Progress on Mortgage Regulations

January 10, 2013

New York Times Editorial

The Consumer Financial Protection Bureau has issued long-awaited rules on mortgage lending that should help protect home buyers and the global financial system from a repeat of the subprime disaster. But the rules, which were announced on Thursday and go into effect next year, include some features that could hurt lower-income borrowers.

Predatory lending was a leading cause of the housing bubble, the spike in foreclosures and the failure of large financial institutions. It saddled borrowers with too much debt and left investors with big losses. Congress created the consumer bureau in large part to make sure all that never happened again.

The rules the bureau enacted, which will be supplemented by regulations by the Federal Reserve and other agencies, create a new category of loans called “qualified mortgages” that cannot include certain dangerous features like interest-only payments or negative amortization, which means that the amount owed increases over time. The rules also limit fees and penalties. Lenders would also have to thoroughly vet the finances of borrowers and make sure they spend no more than 43 percent of their pretax income on loan payments.

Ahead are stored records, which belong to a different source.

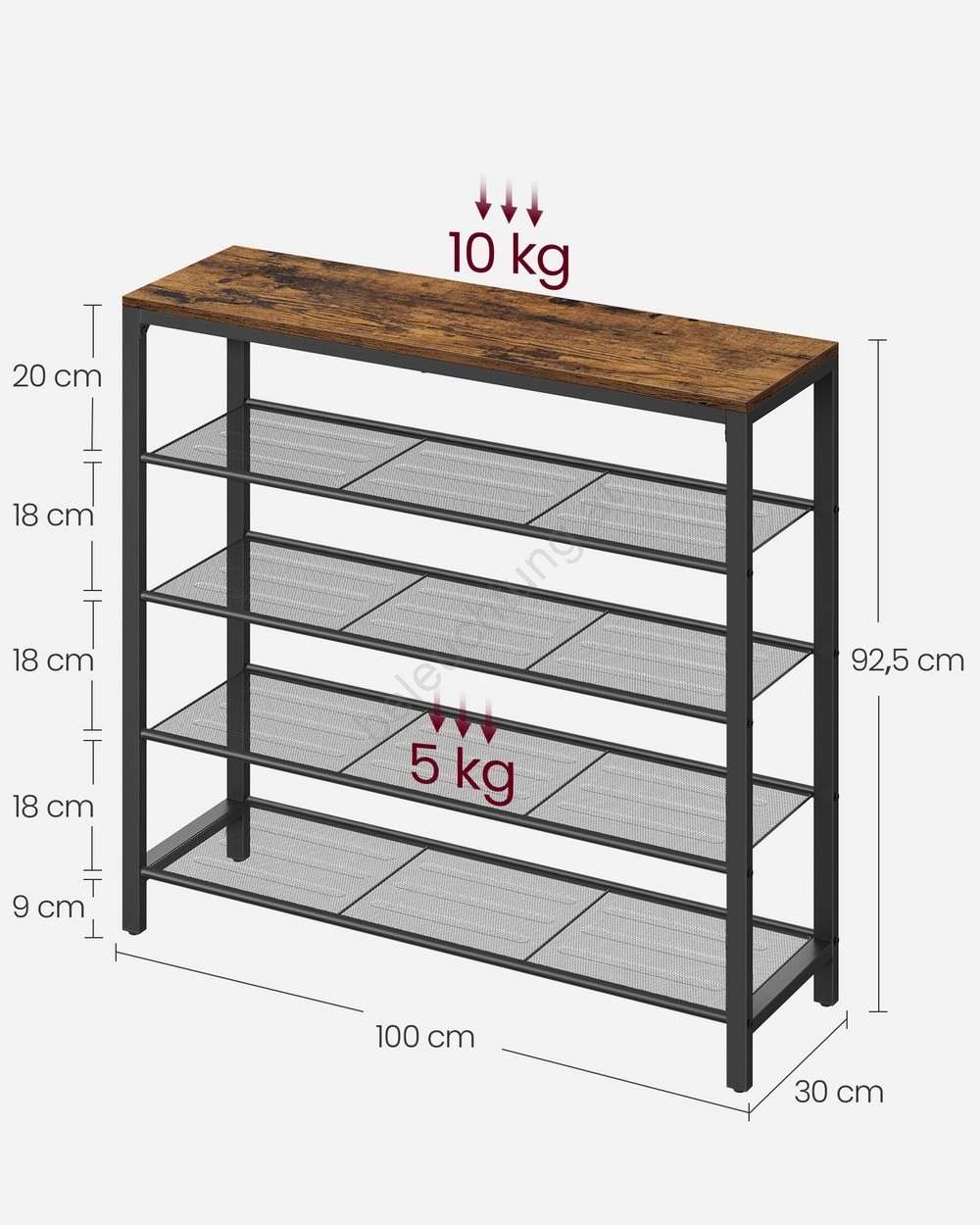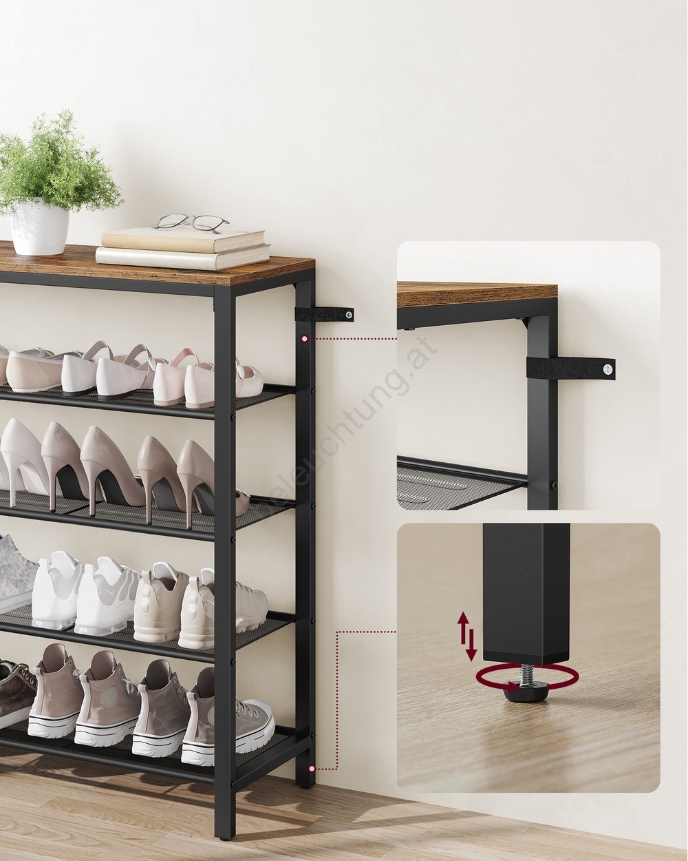 • Mit einer Tragfähigkeit von 10 kg auf der Oberseite und maximal 5 kg pro Ablage können Sie auf diesem Gestell sicher alle Ihre Schuhe, Taschen und Dekoartikel unterbringen.
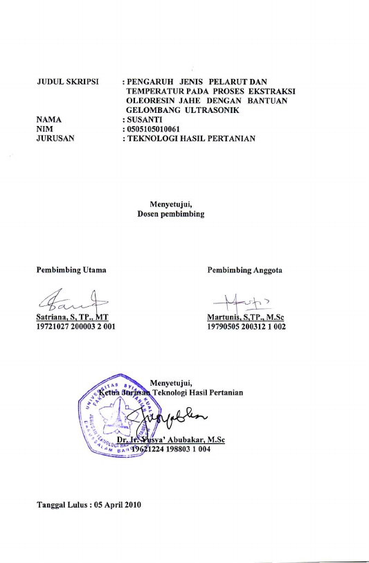 Baca Juga : EKSTRAKSI OLEORESIN DARI LIMBAH PENYULINGAN PALA (MYRISTICAFRAGRANS HOUTT.) MENGGUNAKAN METODE ULTRASONIK (Kiki Rezekiah, 2024)
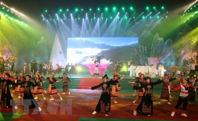 Biểu diễn văn nghệ chào mừng tại buổi lễ. (Ảnh: Quốc Khánh/TTXVN)
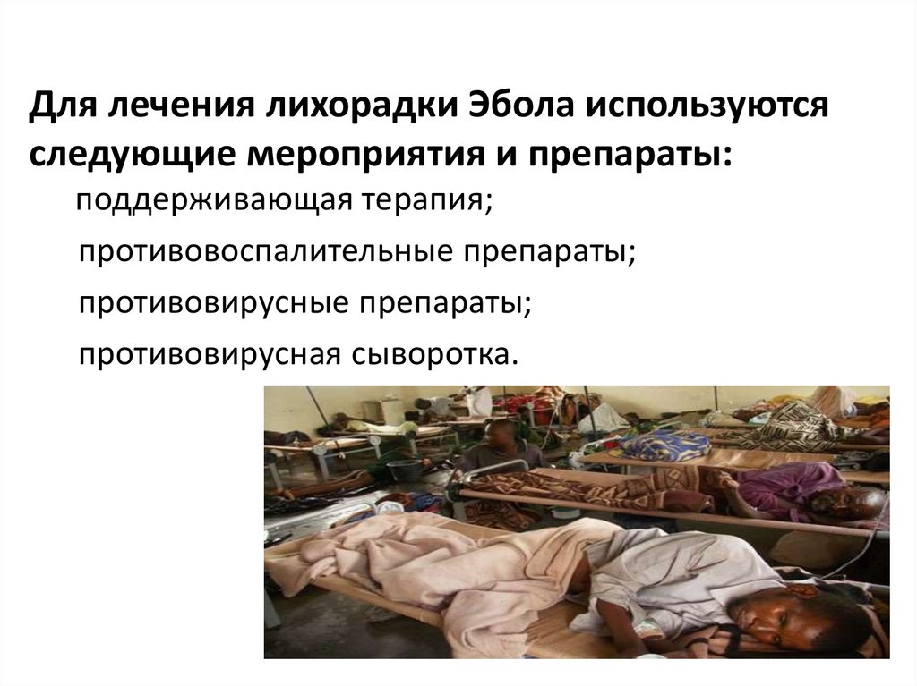 Для лечения лихорадки Эбола используютсяследующие мероприятия и препараты:

But some rules, including the 43 percent limit, are not sufficiently protective. While a family that earns $100,000 could deal with payments at that level, a family earning $50,000 probably could not. The bureau could have used a percentage range that varied depending on families’ disposable incomes. Another rule gives lenders a “safe harbor,” or immunity, from certain lawsuits for certain qualified mortgages. It would have been more sound to give borrowers a right to sue if they proved that the lender did not properly take into account their ability to repay the loan.

Officials say these new rules should help invigorate the mortgage market by assuring investors that the loans they buy from banks are sound. Right now, most investors are only willing to buy mortgages guaranteed by the government. It is too early to say whether the rules will have that effect. What is clear, however, is that other regulators can build on the progress the bureau has made while adding protections for borrowers.